Le premier modèle de sainteté est le martyr supplicié en défendant sa foi. Le martyre est présenté comme un combat, pas seulement contre des animaux. L’origine n’est pas que vétéro-testamentaire, c’est aussi un thème de la philosophie païenne, notamment du stoïcisme. Le modèle biblique est celui du Livre des Macchabées, dans lequel la culture philosophique grecque est évidente. Chaque soldat de Dieu revêt la « cuirasse » de la justice, s’arme du « bouclier » de la foi et du « glaive » de l’esprit. Ces images se retrouvent dans les vies de saints. Saint Paul, en développant le thème de la « militia », du juste combat, donne à l’« agôn », l’esprit de concours, ses lettres de noblesse chrétiennes (Éphésiens 6, 13-17). En outre, aux temps des persécutions, le spectacle des chrétiens condamnés à combattre désarmés les bêtes de l’arène – comme le faisaient, bien équipés, les « bestiarii » professionnels dans une « venatio », une chasse mise en scène – faisait coïncider image et réalité (Buc 1997). Les bêtes sauvages et, plus largement, la brutalité des supplices, participent à la mort exemplaire des martyrs. Dans l’amphithéâtre, le martyr doit vaincre le diable sur son propre domaine, comme l’affirme Tertullien dans son De spectaculis. Les mouvements du diable sont symboliques : ce sont ceux du serpent qui serre, enlace et s’efforce de glisser (Tertullien 1986 : 250-252).

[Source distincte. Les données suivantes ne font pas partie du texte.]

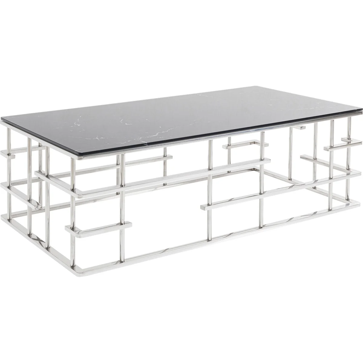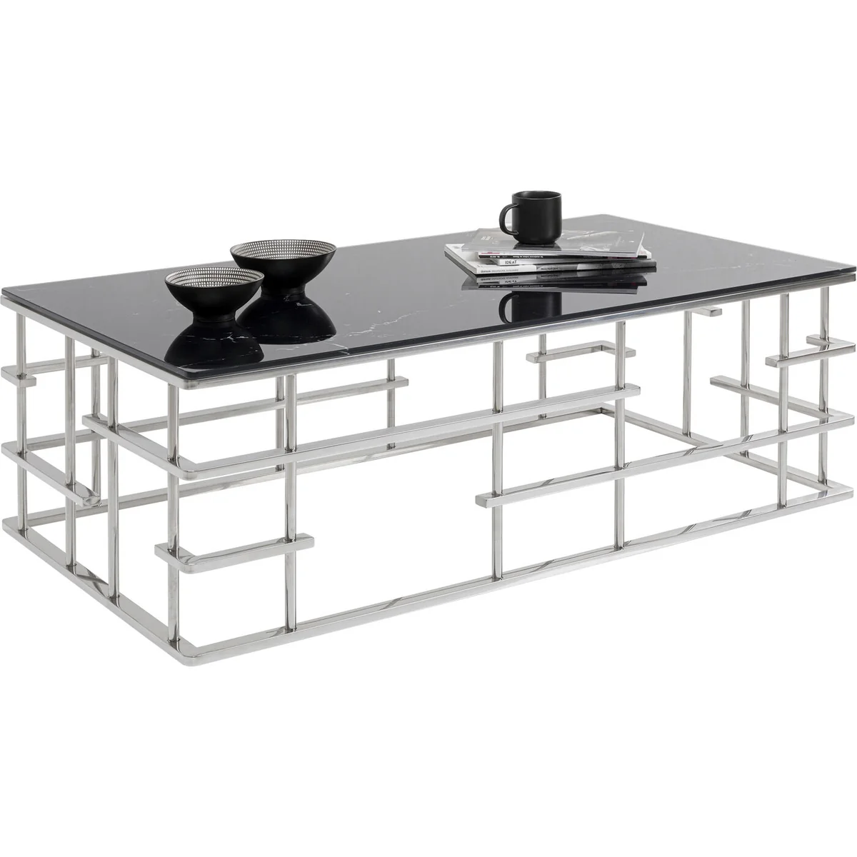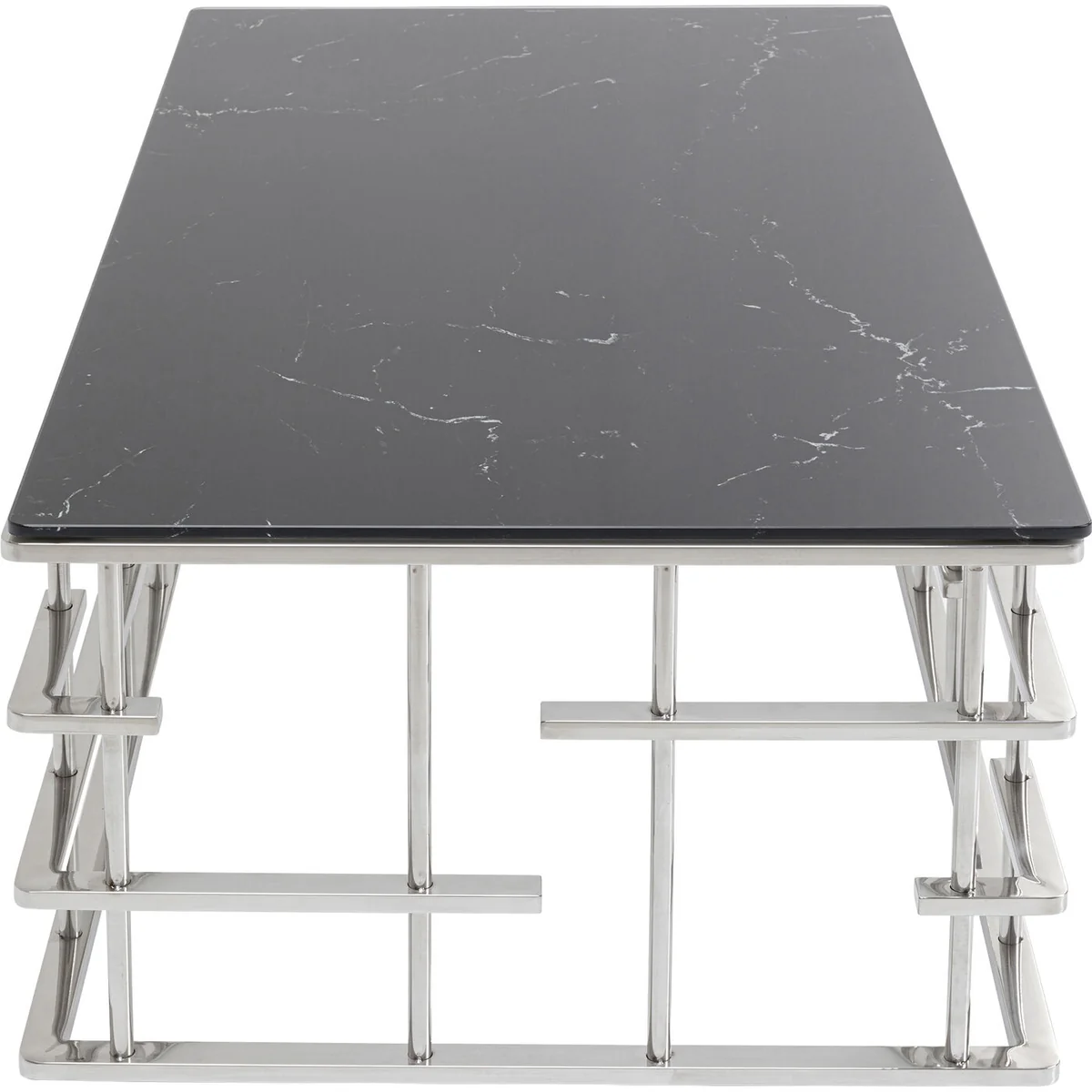 - An upgrade with luxury flair: a large coffee table with an exciting silver base - Table top in an elegant, fashionable marble look - With its dimensions of 130 x 70 centimetres it’s ideal for large interior landscapes and sofas - A side table with glamour which is also practical in that the glass top can simply be wiped clean with a damp cloth - High-quality materials that speak for themselves: ESG safety glass and polished stainless steel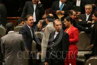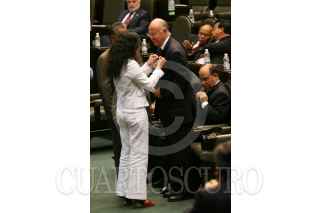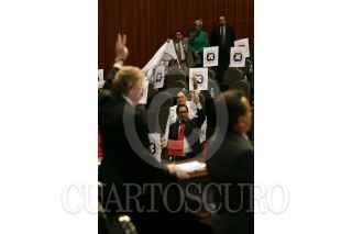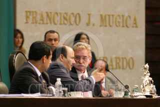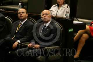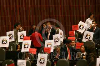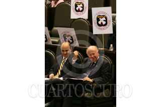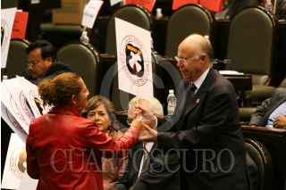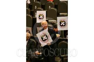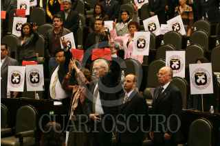 MÉXICO, D.F., 02OCTUBRE2008.- Se realizó la sesión ordinaria en la Cámara de Diputados, donde se recordó el 40 Aniversario de la Matanza Estudiantil del 2 de Octubre de 1968 en la Plaza de las Tres Culturas, a la sesión asistió, José Narro, Rector de la UNAM y donde diputados del PRD, mostraron banderines con la leyenda “A 40 Años, 2 de Octubre No se olvida”. En la imágen; los diputados, así como los invitados guardan un minuto de silencio. FOTO: GUILLERMO PEREA/CUARTOSCURO.COM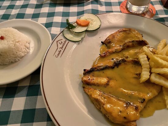 Was ich gegessen habe, hätte ich glatt vergessen, wenn ich es nicht fotografiert hätte: Ein Pouletschnitzel mit Mangososse und Reis und Pommes, dazu einen Salat. Und wieder einmal eine Limonade-Coca. Mir fällt auf, dass zum Essen sehr wenig Alkohol getrunken wird. Die meisten Leute trinken einen Fruchtsaft. Sogar die Musiker haben grosse Gläser mit einem Saft vor sich.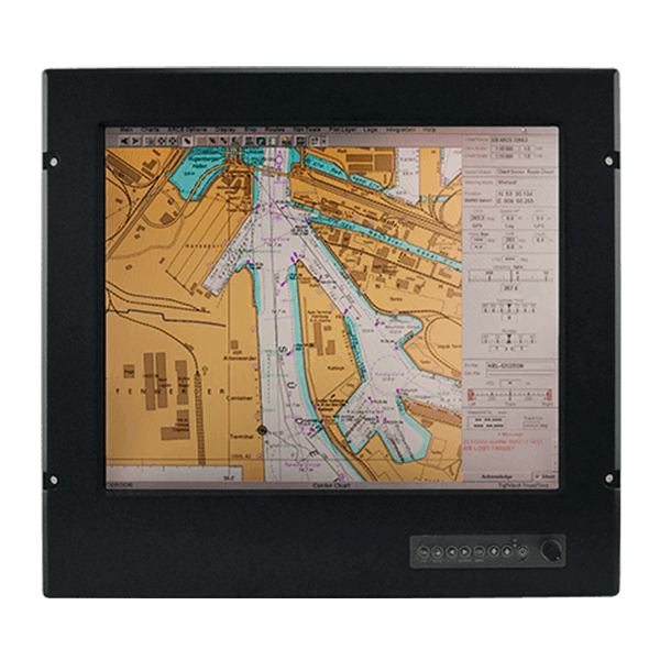 Marine Display feature-rich I/O connectivity consists of one VGA, one DVI-D, one Composite, one S-Video, two COM ports. Easy to integrate into existing marine equipment.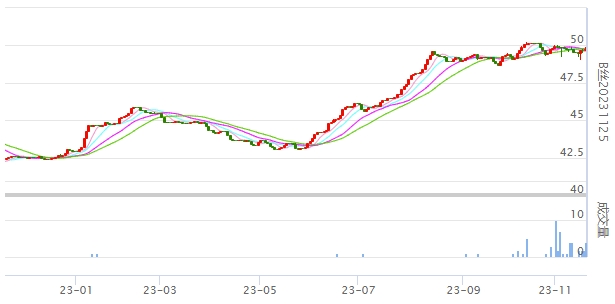 今日(2023年11月20日,周一)中國繭絲綢交易市場生絲指數上漲0.46%收于4979.21點。B絲(商檢4A級生絲):231125合約上漲0.06萬元報收于49.74萬元;240325合約上漲0.48萬元報收于50.97萬元;240925合約上漲0.24萬元報收于49.05萬元。今日盤面A絲價格繼續(xù)上漲。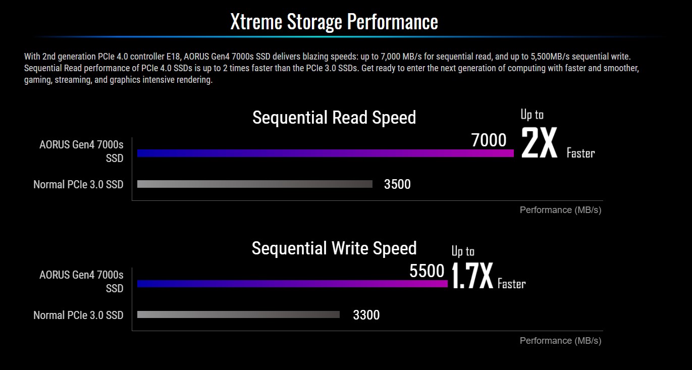Ổ cứng SSD Gigabyte AORUS 1TB PCIe Gen 4.0×4 là một trong những SSD M.2 NVME nhanh nhất trên thị trường. Với giao tiếp PCIe Gen 4 x4, tốc độ tối đa có thể đạt được lên đến 7000 Mb/s, gấp 100 lần HDD truyền thống.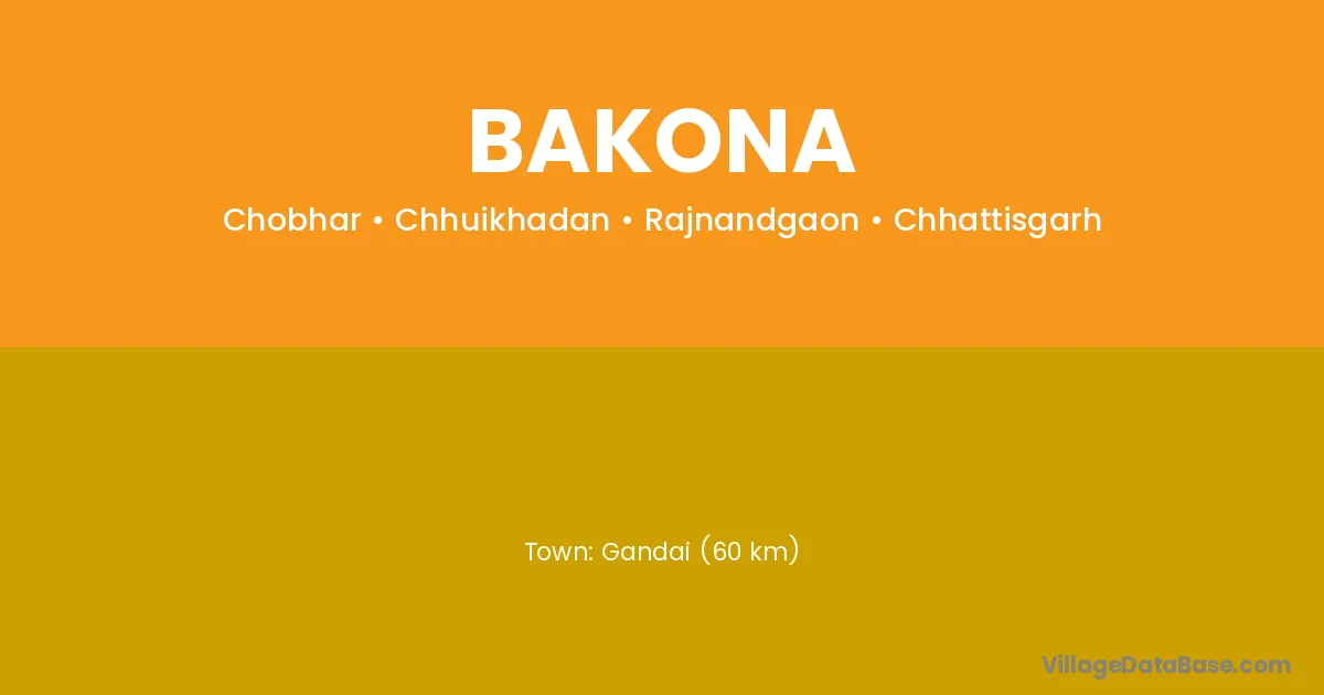 Gandai (60 km) is the nearest town to Bakona village for major economic activities and is located approximately 60 km away.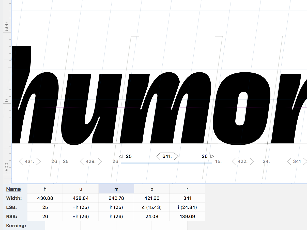 read about SpacingWant the O sidebearing to always be 60% of H? Link metrics and set up complex spacing relationships with our live math expressions engine. Bind the sidebearings and they will remain constant—even when you change the outline. New Easily copy expressions between masters.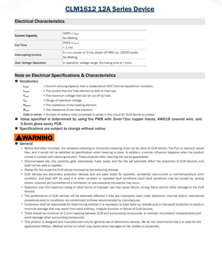 簡述: CLM1612 12A Series Device 三端保險絲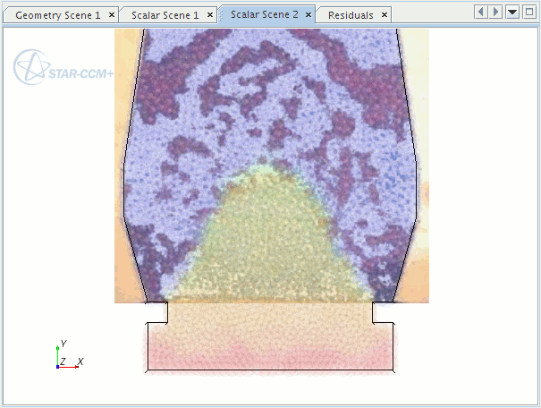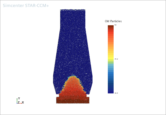 本节将沉降层区域的高度和形状与 Zhou et al. 实验的图像相比较。要更加清楚地显示沉降层区域,请创建用户自定义场函数 oldParticles,此函数用同一颜色显示停留时间小于 36.5 s 的所有颗粒。
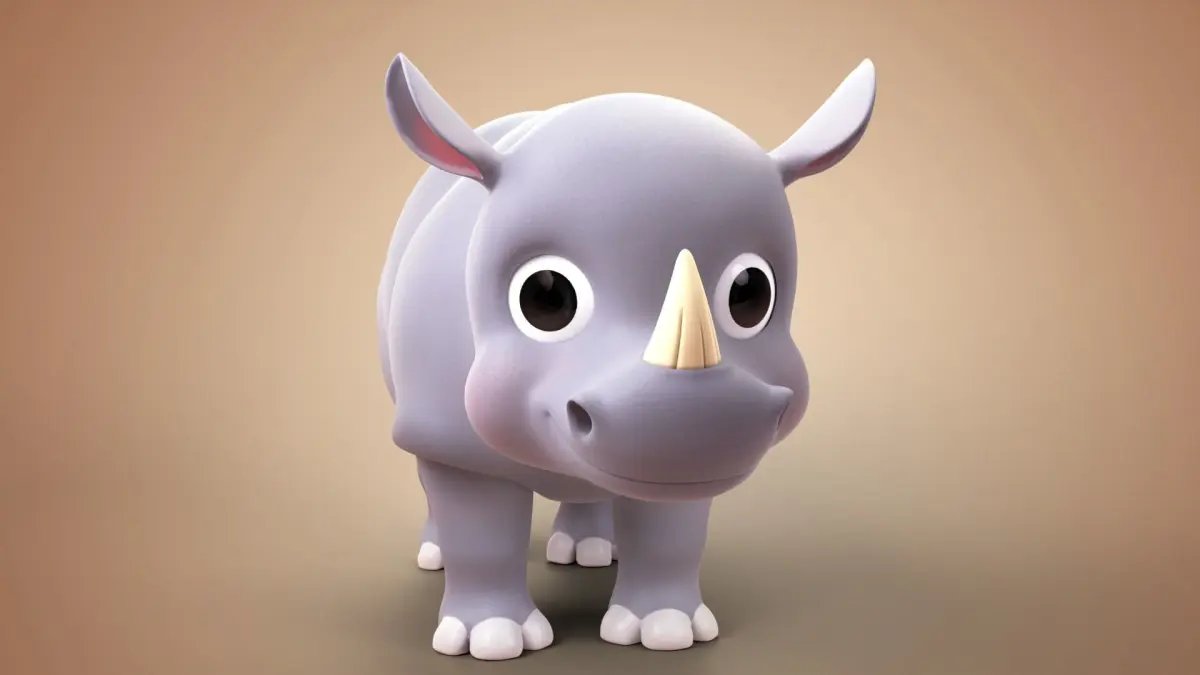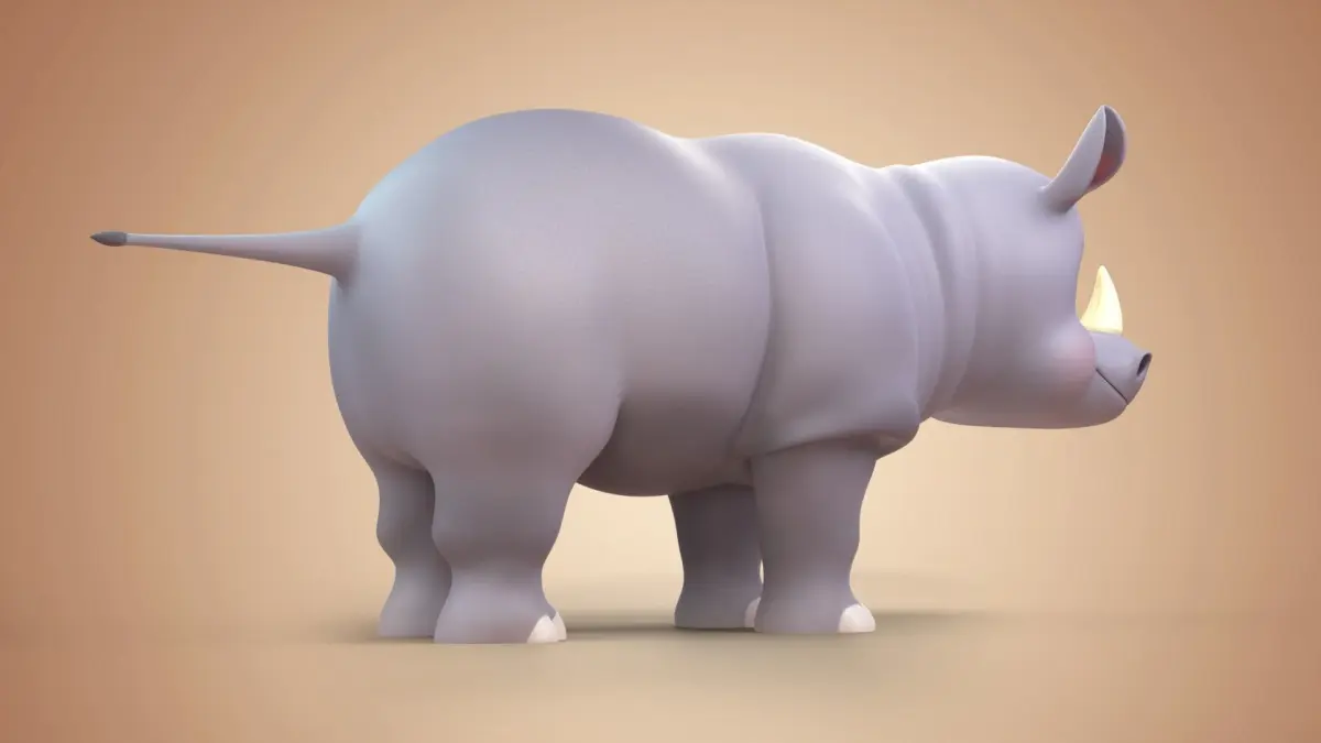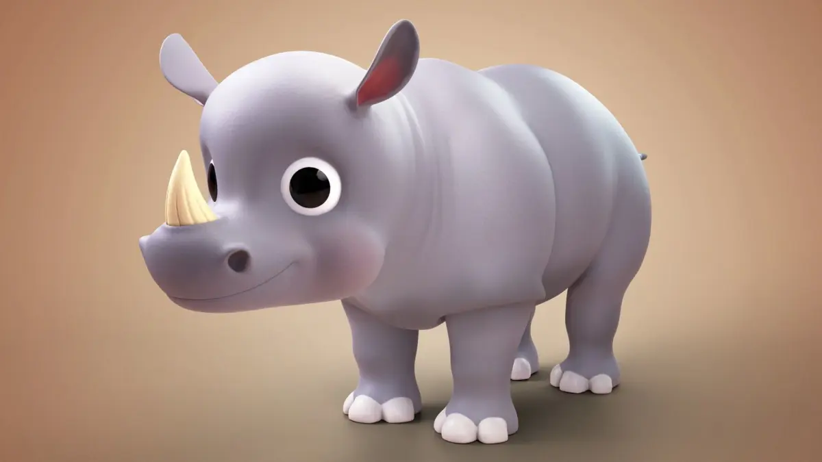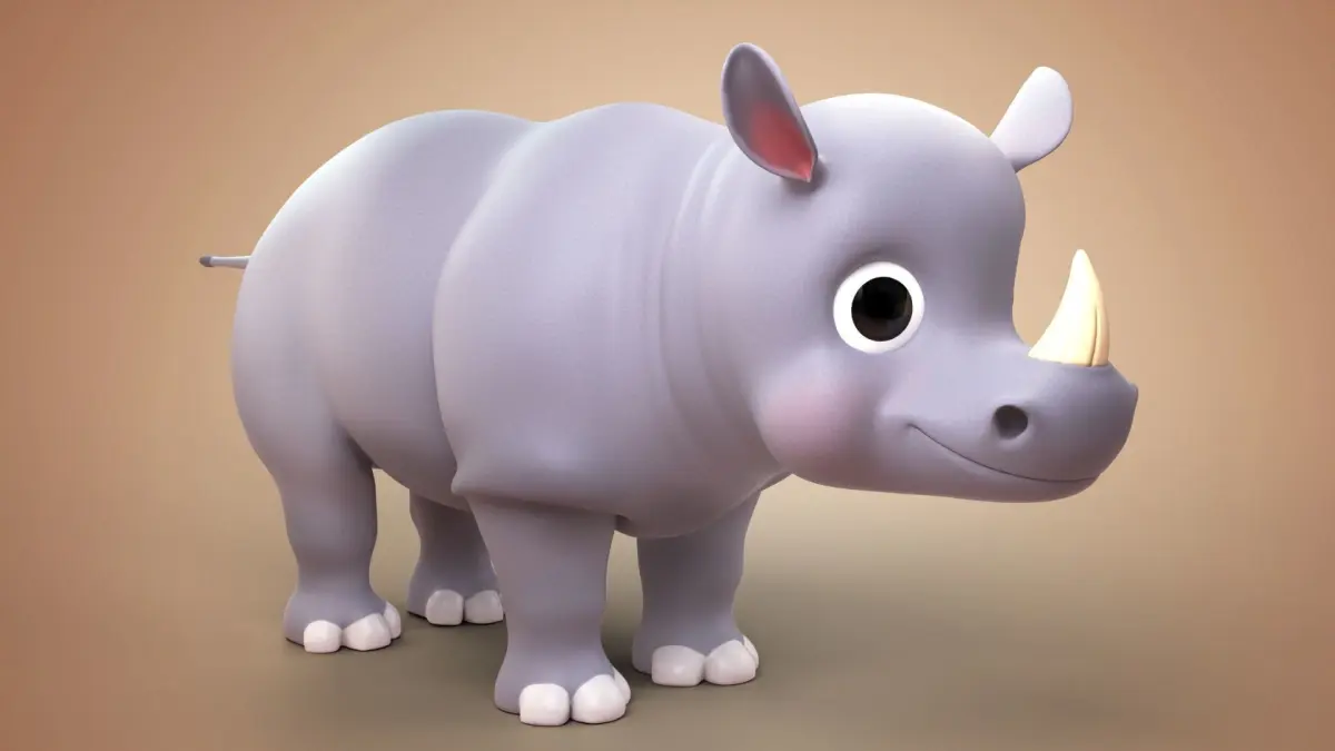 3D Cartoon Rhino Rigged Model.

À partir de 312, l’âge des martyrs devient pour la mémoire de l’Église un âge héroïque (Brown 1984 : 17). À l’exception des victimes occasionnelles d’empereurs hérétiques ou païens, ou encore des rares missionnaires massacrés par la population, il n’est plus question pour personne de donner sa vie pour le Christ au sens martyrial du terme. Mais la liturgie perpétue et exalte, avec le souvenir de ceux dont on honore les reliques, celui de leurs modèles. Le thème de l’athleta Christi qui doit affronter le diable, banal dans la littérature consacrant les premiers martyrs chrétiens (Saxer 1986), perdure en prenant un sens métaphorique dans les passionnes ultérieures, le démon prenant non plus l’apparence fréquente du fauve mais celle du serpent.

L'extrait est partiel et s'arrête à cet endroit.